In her favorite posts of 2018 you can taste some of the many flavors she has to offer: joyful wisdom, finding home, writing about place, Istanbul street art, and more.
But where I fell in love with her blog was when I read Home is Where the Heart Is, where she converses with a stranger she meets in a medieval courtyard and writes:
We talked about how everything at its core is fluid and he talked to me about the Tao Te Ching.
And suddenly we had left the party and were slowly meandering down the road of a deep conversation. And by deep, I mean that reality started to lose its edges as we both came to an agreement on certain points other than what is conventionally accepted.
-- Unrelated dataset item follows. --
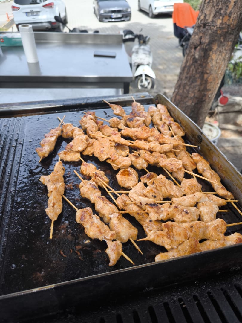 Hähnchenspiesse in widerlicher Konzestenz - innen oft roh.

I admitted to him that I had lived in so many places that I no longer could relate to home being somewhere outside myself. That secretly I was building my home within – letting go of the stuff of this world and instead focusing on the things that I can take with me when I die – the wisdom and knowledge of the world that may (or may not) serve me in the next life.
You see, I don’t believe that we die because what is there to die into? Everything is alive and remains alive in one form or another.
And something tells me that I have lived many lives because from time to time I remember something unusual. I will have a dream that will take me to another place so real that I must have been there before.